## WHAT THE TASK REQUIRES
All records, exactly as written, minus the pictures: copy them out.
- Opening Delimiter -
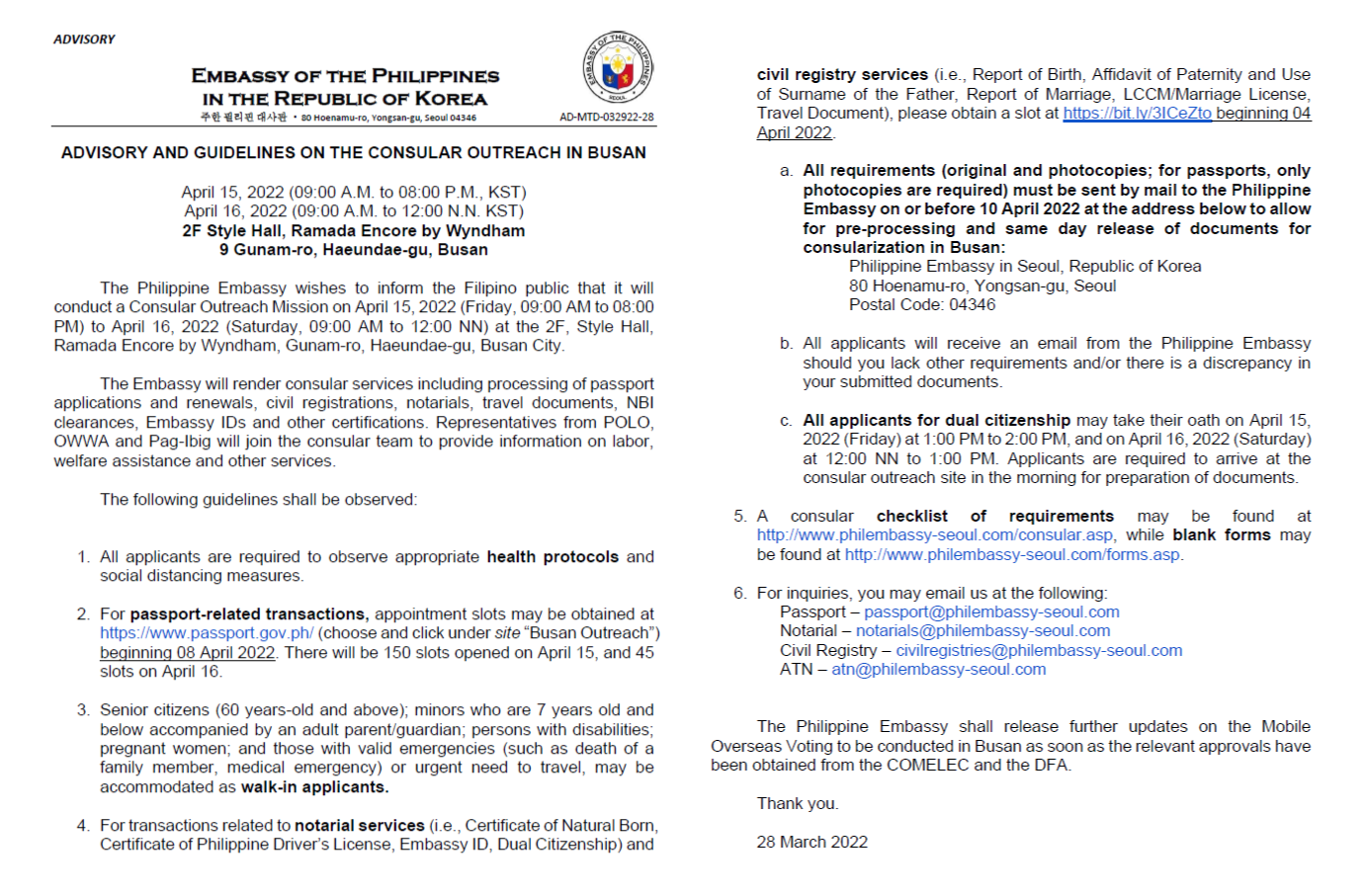 The Philippine Embassy respectfully informs the public that in compliance with Section 68(d) of COMELEC Resolution no. 10751 and Section 38(c) of COMELEC Resolution no. 10751 both dated 12 January 2022, the Election Returns (ERs) and Certificates of Canvass (COCs) of votes cast in South Korea are posted at the Philippine Embassy lobby and Consular Section, respectively.
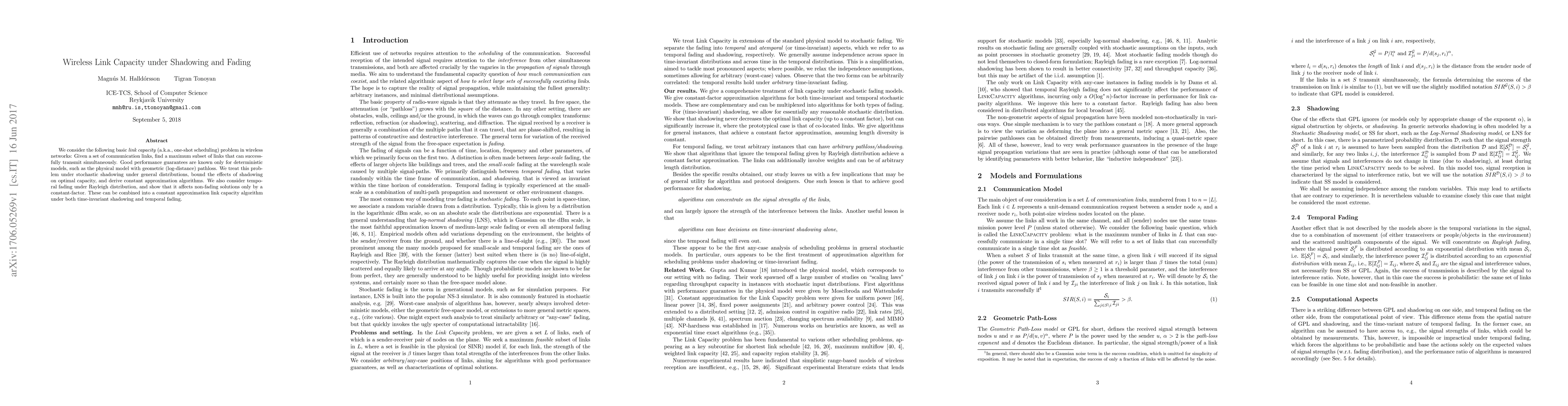 This paper addresses the wireless link capacity problem under stochastic shadowing and temporal fading, developing algorithms to maximize simultaneous transmissions. It provides constant approximation solutions for both shadowing and fading effects, and combines them for a unified approach.
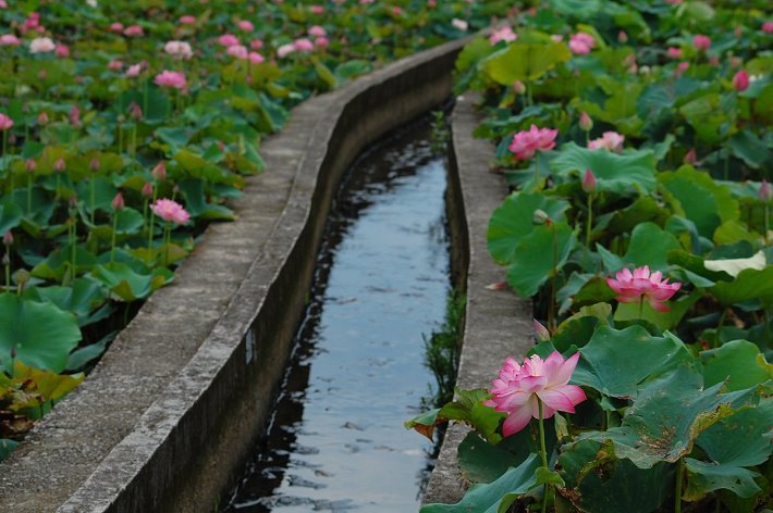 這一大片荷花田大約在金山清水磺清橋旁的清水溪畔,清水路60巷靜悄悄地從邊上經過。來到金山,只要看見磺清橋,大概就能找到這一方牡丹蓮盛開的濕地了。前幾年小白鶴也來此做客,漸漸的住在田間野地,引來大批人潮及議論。比起候鳥的遷徙只為延續安生立命的本能,人類真的太複雜了。我把單車停靠路旁,往荷田漫步,沒有太多陽光直射的田裡,一朵朵牡丹蓮還是挺直腰桿,往天際伸展。透過雲層的晨光,比較均勻,從天上灑了下來,落在我從來沒見過如此密集的牡丹蓮花海上,那光線強度剛好,不刺眼又不耽弱,粉紅花色更有一分文弱氣質,秀氣的美直讓人愛在心坎裡。以前拍荷花常覺得花太少、太遠,今天的花不但開得完美,數量也多,幾乎沒有可以挑剔的景色,反而讓手中快門不知要如何堅定的按下去。面對繁華綠叢,像失去重心的快門,不如收起相機,清風中慢步、荷香中吐納,賺得一天舒心清早,也不失為旅程中美好的收穫。在田埂上移動時刻,有一段短暫的陽光露出,這時候心都慢了,緩緩的牽起來自城市的心緒,舉起相機,擁抱晨光中的美麗。
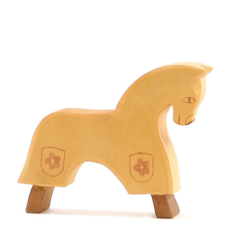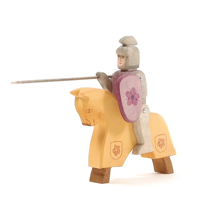 Ostheimer Spielzeugfiguren werden in Handarbeit aus heimischen Hölzern hergestellt. Die verwendeten Farben sind unschädlich. Typisch für die Ostheimer Spielzeugfiguren sind die weichen Formen und die zurückhaltende Farbgebung. Der unverwechselbare Charakter der Figuren regt die Phantasie der Kinder an. komplett Ritter Nr. 2751 mit Pferd Nr. 2759
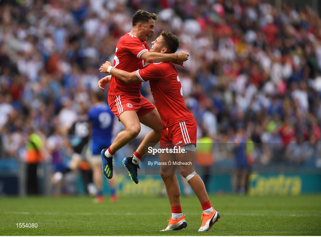 12 August 2018; Tyrone players Ronan O'Neill, left, and Michael McKernan celebrate after the GAA Football All-Ireland Senior Championship semi-final match between Monaghan and Tyrone at Croke Park in Dublin. Photo by Piaras Ó Mídheach/Sportsfile
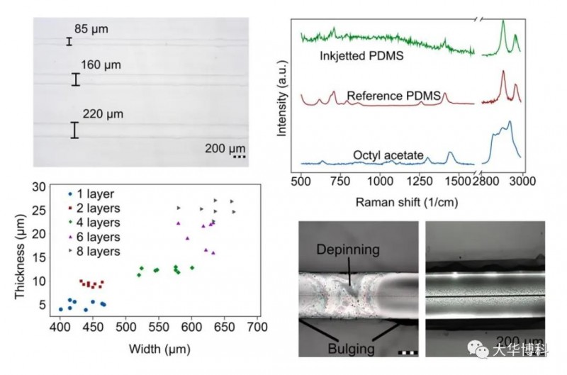 圖3|打印PDMS墨水線(xiàn)寬與多次打印形成的介電層厚度。
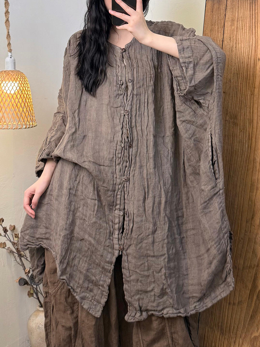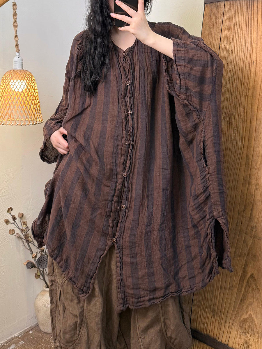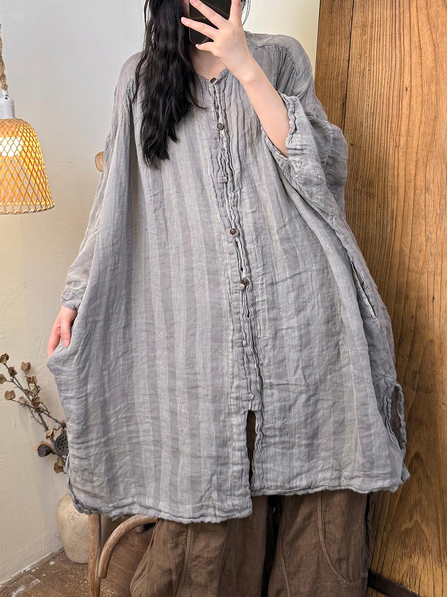 Women Summer Retro Stripe O-Neck Linen Shirt
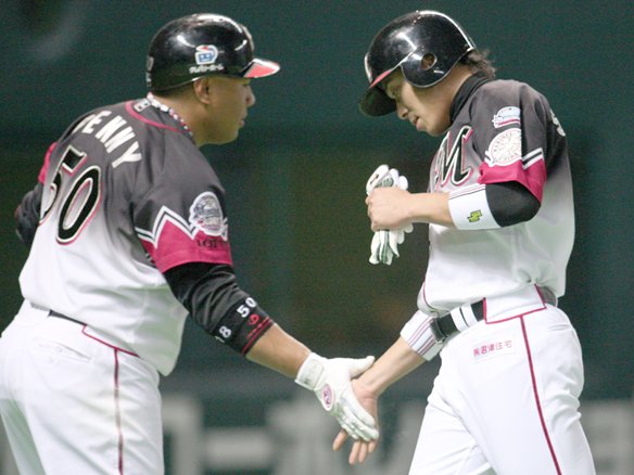 里崎、大松のヒットなどで2死1,2塁とチャンスを作りましたが、反撃もここまで。 10安打を放ちながらも2点に抑えられ、2対6で3連戦の初戦を落としてしまいました。 これでホークス戦は3連敗。最下位脱出もなりませんでしたが、明日は気持ちを切り替え、まずは1勝1敗のタイに戻したいところです!  |
- Closing Delimiter -
## ANSWER AREA
 The Philippine Embassy respectfully informs the public that in compliance with Section 68(d) of COMELEC Resolution no. 10751 and Section 38(c) of COMELEC Resolution no. 10751 both dated 12 January 2022, the Election Returns (ERs) and Certificates of Canvass (COCs) of votes cast in South Korea are posted at the Philippine Embassy lobby and Consular Section, respectively.
 This paper addresses the wireless link capacity problem under stochastic shadowing and temporal fading, developing algorithms to maximize simultaneous transmissions. It provides constant approximation solutions for both shadowing and fading effects, and combines them for a unified approach.
 這一大片荷花田大約在金山清水磺清橋旁的清水溪畔,清水路60巷靜悄悄地從邊上經過。來到金山,只要看見磺清橋,大概就能找到這一方牡丹蓮盛開的濕地了。前幾年小白鶴也來此做客,漸漸的住在田間野地,引來大批人潮及議論。比起候鳥的遷徙只為延續安生立命的本能,人類真的太複雜了。我把單車停靠路旁,往荷田漫步,沒有太多陽光直射的田裡,一朵朵牡丹蓮還是挺直腰桿,往天際伸展。透過雲層的晨光,比較均勻,從天上灑了下來,落在我從來沒見過如此密集的牡丹蓮花海上,那光線強度剛好,不刺眼又不耽弱,粉紅花色更有一分文弱氣質,秀氣的美直讓人愛在心坎裡。以前拍荷花常覺得花太少、太遠,今天的花不但開得完美,數量也多,幾乎沒有可以挑剔的景色,反而讓手中快門不知要如何堅定的按下去。面對繁華綠叢,像失去重心的快門,不如收起相機,清風中慢步、荷香中吐納,賺得一天舒心清早,也不失為旅程中美好的收穫。在田埂上移動時刻,有一段短暫的陽光露出,這時候心都慢了,緩緩的牽起來自城市的心緒,舉起相機,擁抱晨光中的美麗。
 Ostheimer Spielzeugfiguren werden in Handarbeit aus heimischen Hölzern hergestellt. Die verwendeten Farben sind unschädlich. Typisch für die Ostheimer Spielzeugfiguren sind die weichen Formen und die zurückhaltende Farbgebung. Der unverwechselbare Charakter der Figuren regt die Phantasie der Kinder an. komplett Ritter Nr. 2751 mit Pferd Nr. 2759
 12 August 2018; Tyrone players Ronan O'Neill, left, and Michael McKernan celebrate after the GAA Football All-Ireland Senior Championship semi-final match between Monaghan and Tyrone at Croke Park in Dublin. Photo by Piaras Ó Mídheach/Sportsfile
 圖3|打印PDMS墨水線(xiàn)寬與多次打印形成的介電層厚度。
 Women Summer Retro Stripe O-Neck Linen Shirt
 里崎、大松のヒットなどで2死1,2塁とチャンスを作りましたが、反撃もここまで。 10安打を放ちながらも2点に抑えられ、2対6で3連戦の初戦を落としてしまいました。 これでホークス戦は3連敗。最下位脱出もなりませんでしたが、明日は気持ちを切り替え、まずは1勝1敗のタイに戻したいところです!  |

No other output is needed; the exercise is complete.